Over Coming Aeromonas Alley
Every hobbyist knows that Spring is a critical time for koi. Often the koi
get sick grow ulcers, develop fin rot and die. After a long winter of fasting,
the fish are naturally weak and immunilogically stressed. Fish, like reptiles,
are cold blooded animals that rely totally on their environment to function. As
the temperature warms up, the fish are slowly adapting to their new
environmental conditions. Preying parasites and Aeromonas bacteria are growing
rapidly, and the stressed fish become their helpless victims.
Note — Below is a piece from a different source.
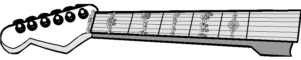 Manchmal gibt es Schwierigkeiten, wenn man zwar die Noten kennt, aber nicht weiß, wo sie auf dem Griffbrett liegen, was sehr wichtig für die Zusammenhänge zwischen einzelnen Tönen und Akkorden ist . Dabei kann man sie sich ganz leicht selbst suchen, wenn man ein paar Sachen weiß: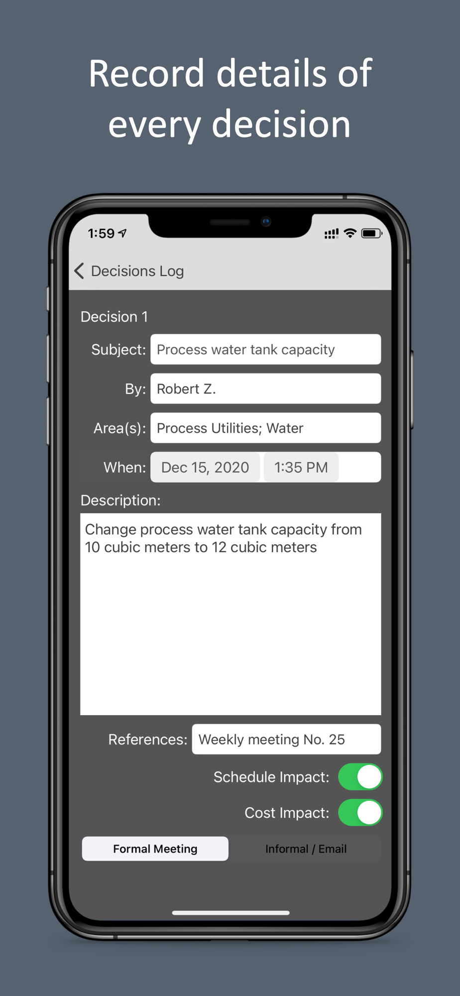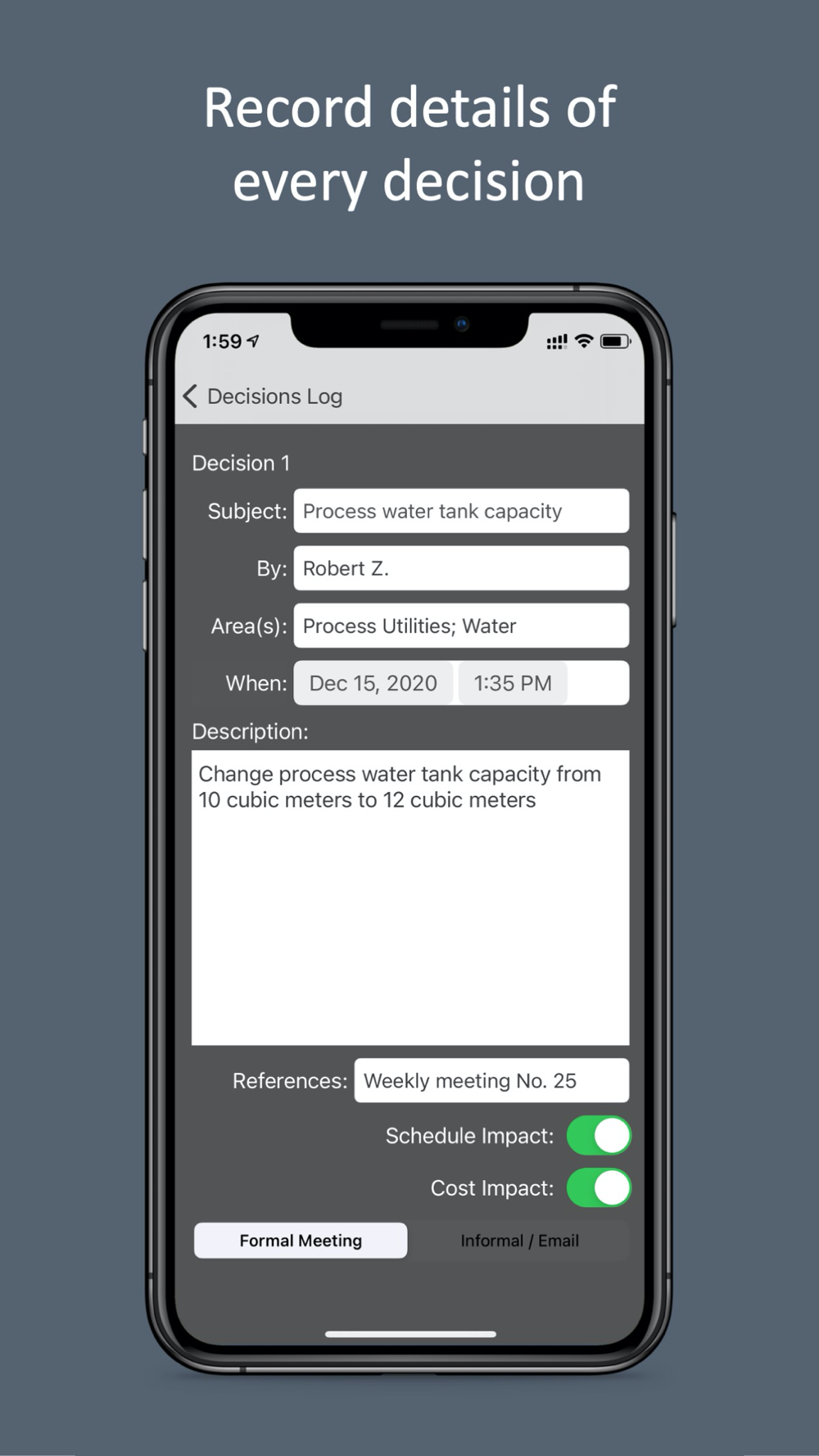 Get your project in order with Decisions. Create records of project decisions that will help you manage change, communicate directions and protect your organization.

Why then, don't
the fish suffer the same consequences in the fall when they are exposed to the
same temperature ranges? I believe the reason is that the fish have been
building up their immunity all Summer and are at the peak of health so they are
better conditioned to fight off diseases, besides, the biofilter are also at
their optimum, so the water conditions are at their highest quality. Reference
12 supports my theory, in that it finds, once carp have been immunized at a
higher temperature (77°F), they can respond better immunilogically to lower
temperatures (50°F), and also possess immunological memory. My studies over a
two year period reaffirm the hypothesis, that pond temperature plays a critical
role in the health, growth, and immunity to disease. Even with ideal water
conditions, the fish can still get sick. Especially if, they carry traces of the
Aeromonas bacteria in their internal systems, and the temperature of the water
favors the undesirable bacteria instead of the fish. I have developed a cross
plot that illustrates my point in Figure 1. The data is based on References (10,
11,12 13 ) and contributions of D Pakiser and L Jepson References (2.9)
A study of Figure I shows the following:
Aeromonas bacteria are basically inactive at 40°F.Their activity increases
exponentially with every degree rise, culminating at the maximum activity at
60°F.
Koi start building immunity only after 55°F.One researcher found no white blood
cells below 55°F.The optimum temperature for carp is stated to be 77°F.
NOTE: Carp will die once exposed to 95°F.
Activity of the biofilter is also temperature dependent. The activity of Nitrobacter (the bacteria that converts ammonia to nitrites) , is non existent at 40°F. It rises to only 50% activity at 60°F.It is fully active at 75°F.The Nitrosomonas bacteria (the bacteria that converts nitrite to nitrates) is not active until 60°F.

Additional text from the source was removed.